Customers preferring Convenience
One of the key reasons which lead a customer to pay for these additional costs is the convenience they get from these platforms. As the customers have been prioritising ease of accessibility over manual labour, these platforms have been cashing in on the opportunity.
“The value of convenience and time savings for our customers often outweighs the higher price point, especially when they can enjoy their favourite meals quickly and hassle-free. However, we’ve also noticed that some customers are becoming more price-conscious, leading to potential hesitation in placing orders frequently”, said Puneet Kumar Kanojia, Director of BollyBites Vadapav.

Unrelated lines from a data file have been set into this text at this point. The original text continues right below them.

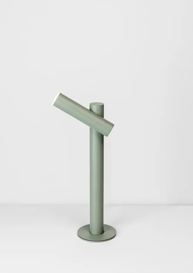 Metallic outdoor bollard light. Integral LED providing direct light.
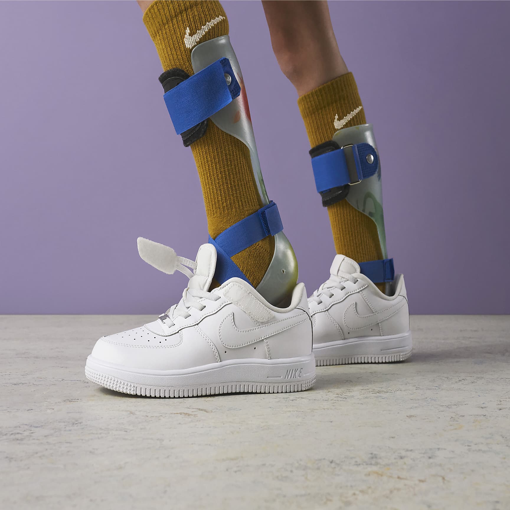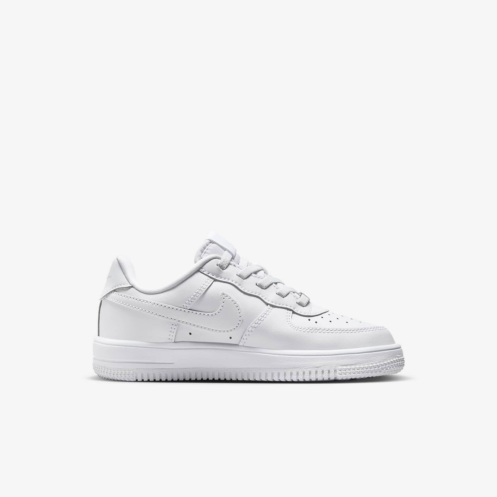 The look of laces without the struggle of having to tie them? Now, that's easy. The laces on these sneakers are just for show—the top two lace loops are attached to a hook-and-loop strap so kids can fasten them fast while still enjoying the traditional look of the AF-1. But these shoes aren't just easy for kids to put on. We designed them around kids' feet for overall comfort too. Benefits * FlyEase is now Nike EasyOn. Our helpful Nike EasyOn features empower kids to do it themselves so they can focus on what matters most: play. * Elastic laces and a hook-and-loop strap help make it easy for kids to open these up wide, slip them on and secure their fit fast. * More foam means more comfort! We made the foam in these kicks comfy and soft to help every step feel comfortable. * Full rubber sole gives durable traction with a circular tread pattern originally designed to help basketball players pivot on the court. Product details * Elastic laces * Perforations on the toe
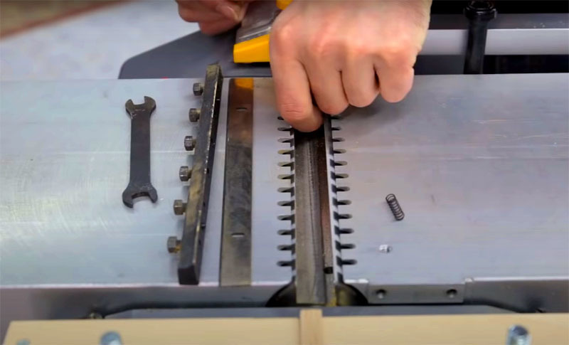 При проведении заточки, под платформу подкладываются подкладки, необходимой толщины для стачивания плоскости ножей.
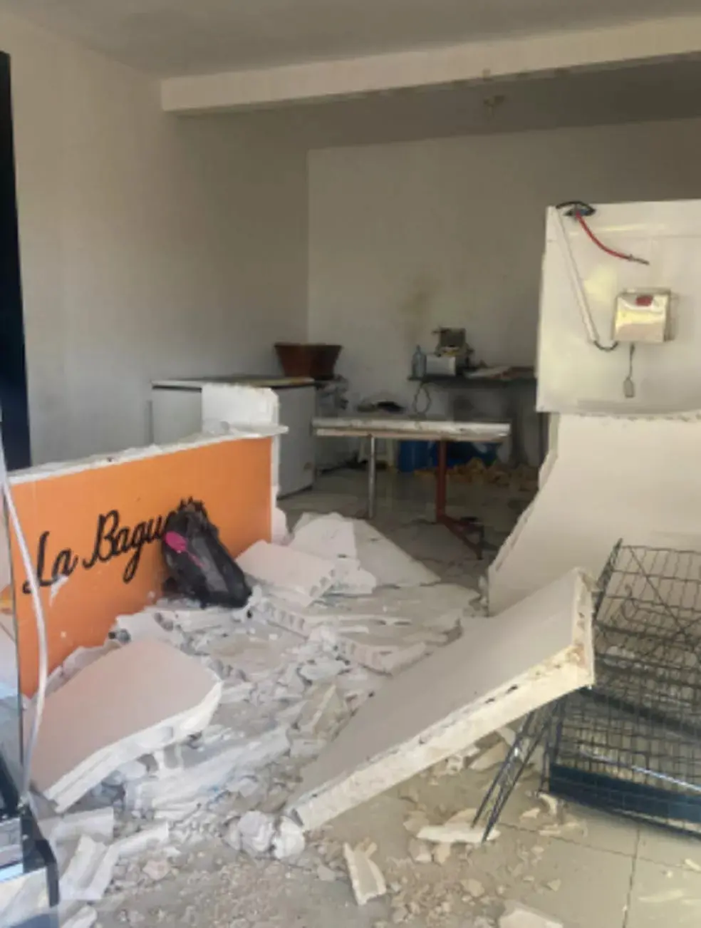 O estabelecimento teve o portão e o forro derrubados pela força da explosão, que também destruiu produtos expostos na vitrine.
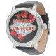 Montre cool avec le célèbre panneau Welcome to Fabulous Las Vegas avec des dés rouges. Un graphisme artistique original par urbanphotos.net Cette montre n'a pas de chiffres sur le visage. J'en ai un avec des chiffres aussi.
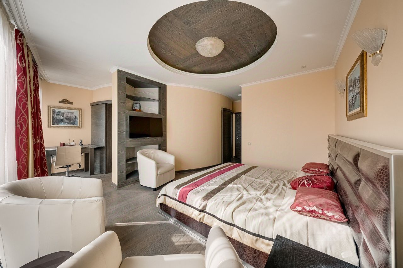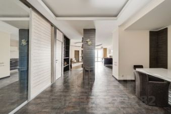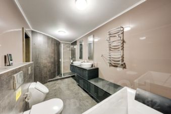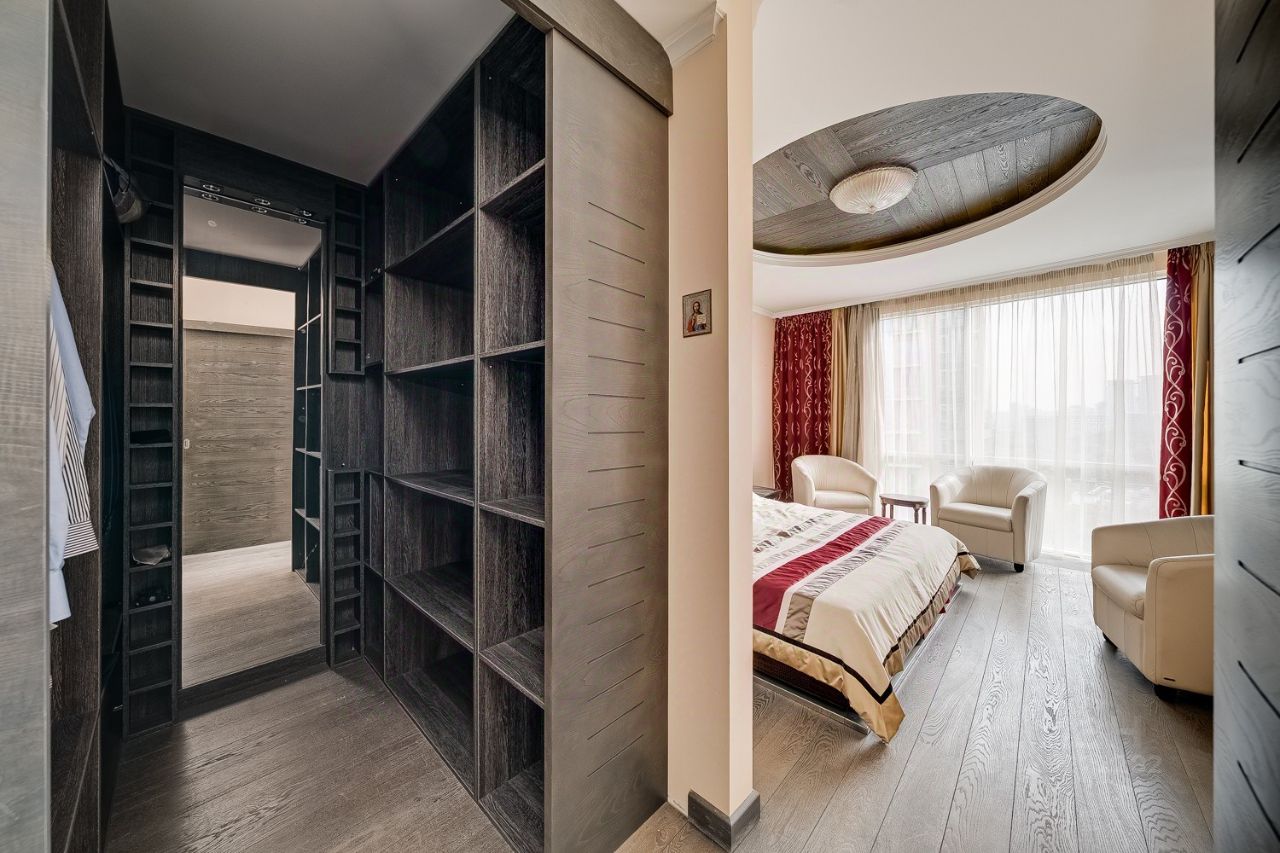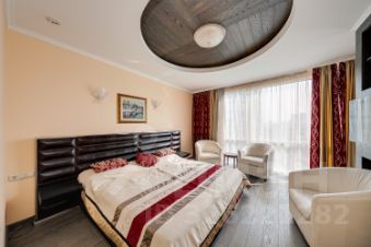 Она имеет удачную функциональную планировку: просторная кухня-гостиная с зоной отдыха возле панорамного окна и балкона, на которой вы будете с удовольствием готовить и принимать гостей; при входе - прихожая с местом для переговоров и вместительным шкафом-купе, гостевой с/у с душевой кабиной, стеллаж для вашей книжной коллекции; хозяйская зона состоит из уютной и светлой мастер-спальни с панорамным окном, большим с/у с ванной и душевой, гардеробной и интегрированным в лоджию кабинетом.

Curious Case of Packaging Fee
While the food aggregators earn huge sums in the name of packaging charges, the report mentions a very crucial point. The restaurant platforms often charge a packaging fee that is Rs 2 higher than the fee charged directly by the restaurant. These platforms waive the packaging fees 23 per cent of the time as compared to the 6 to 9 per cent rate offered by food aggregators.
This points towards the fact that a customer is more likely to save more on packaging costs when ordering through the restaurant platforms. The report stated that these aggregators generate more than Rs 400 to Rs 460 crore annually via packaging premiums.
“From a strategic perspective, these pricing strategies—though potentially seen as a hurdle—are carefully designed to capitalise on the growing consumer preference for convenience. In many cases, customers are willing to absorb additional fees because the convenience of instant access to food outweighs the cost. The perception of value is enhanced when the service is reliable, fast, and seamless,” added Kanojiya.
The Membership Myth
The online food delivery platforms have been using subscription/membership models to provide certain exclusive benefits to customers such as free delivery and extra discounts among other perks. The report pointed out the subscription models which offer limited added value in terms of product pricing and delivery benefits, especially for orders above Rs 199. However, users who do not have such subscriptions can also access similar benefits without requiring any subscription.
“The primary benefit of Aggregator X’s subscription seems to lie in the promise of free delivery within a stipulated delivery radius, and yet this advantage is present for the non-subscribed users on orders above Rs 199 anyway,” cited the report.
More Branches, Lower Fees
Restaurants having more branches or chains charge lower delivery and packaging fees. “Of the sample of restaurants that have been surveyed for this report, it has been found that the restaurants that have fewer branches tend to be premium or exclusive as compared to others,” as per the report.
While it has become clear that these aggregator platforms do charge a premium amount on orders, the so-called hidden nature of such amounts does not seem much to the customers at first. The restaurants tend to charge much lower when catering on their own platforms/channels. The fierce competition in the digital space may lead to tighter price structures going ahead.